Heroism in the grief
For over a half century, our country has been rocked by senseless violence.
In 1969, Elvis Presley sang a song called “In the Ghetto.” It told the story of a youngster born in poverty in Chicago. (Yes, that same Chicago where there were 114 shootings over the Fourth of July weekend this year.)
Elvis’ musical protagonist “Buys a gun, steals a car — he tries to run, but he don’t get far.” He dies facedown with the gun in his hand.
So, the problem isn’t new. A year ago this week, the nation was dealing with a twin set of tragedies involving police:
Two young black men shot and killed by police in Louisiana and Minnesota; five police officers ambushed and killed while protecting protesters at a rally in Dallas.
In those sad and tense days, Dallas Mayor Mike Rawlings and Dallas Police Chief David Brown displayed leadership qualities that calmed their city and soothed a nation.
Mayor Rawlings said there are still deep strains of racism in our country and that it is past time to make Dr.

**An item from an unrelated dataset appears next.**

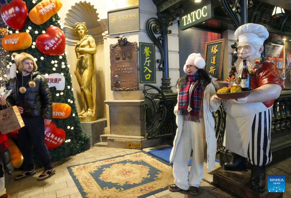A visitor is seen on the Central Street in Harbin, northeast China's Heilongjiang Province, Jan. 12, 2026. As one of the most popular attractions in Harbin, the Central Street, which is renowned for its diverse European-style architecture, wows tourists with its colorful lights at night during the city's tourism boom this winter. (Xinhua/Zhang Tao)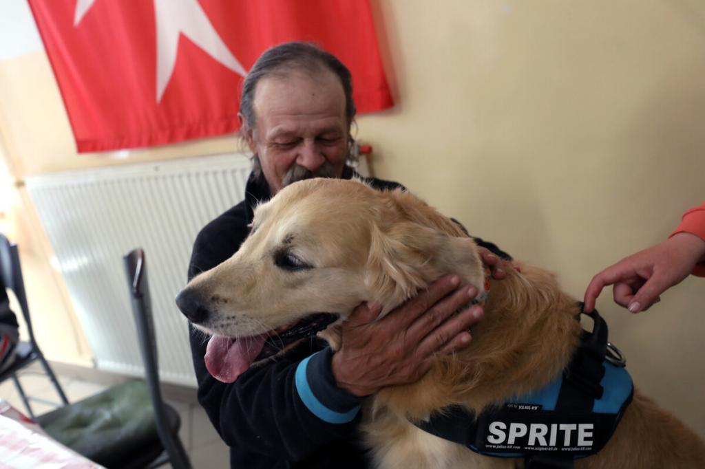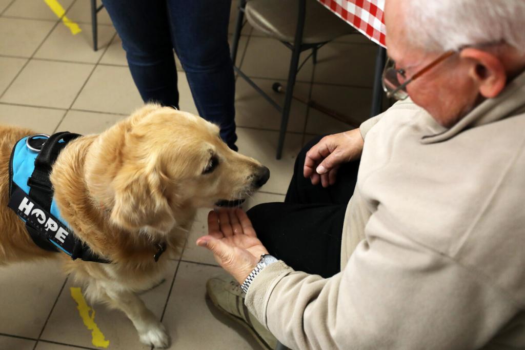 Nem kell sokat várni, nagy farkcsóválással érkezik Sprite, a kilencéves golden retriever, és a szintén kilencéves border collie, Flow. A HOPE mentő- és segítőkutyás egyesület képzett kollégái ők, nagy tapasztalatuk van, hogyan vidítsák fel a körülöttük lévőket, gazdáikkal, Orosz Emesével és Kapaló Évával rendszeresen járnak óvodákba, kórházakba, hospice ellátásba is. Nem hozza zavarba őket a látszólagos közöny, lelkesen várják, hogy megmutathassák, mit tudnak, és megkapják érte a jutalmukat, egy-egy finom falatot, és mellé a simogatást.

Martin Luther King’s dream of every man being judged on his merits a reality.
Chief Brown urged protesters to turn in applications to join him and fellow officers on the force.
“We’re hiring. Get off that protest line and put an application in, and we’ll put you in your neighborhood and we will help you resolve some of the problems you’re protesting about.”
In an appearance on “CBS This Morning,” Rawlings called Chief Brown — who compared police officers to superheroes at a vigil for the five who were slain — one of the “heroes we need” when he called for black protesters to become “part of the solution, serve your communities” by joining the police force.
Leaders like Brown and Rawlings are what we need on the national level to heal the wounds that divide us. Black lives matter — so did the lives of the five ambushed officers that died making sure people had the right of free expression.
We need to be taught, once and for all, that all lives matter in America.
* Editorials reflect the opinion of the publisher.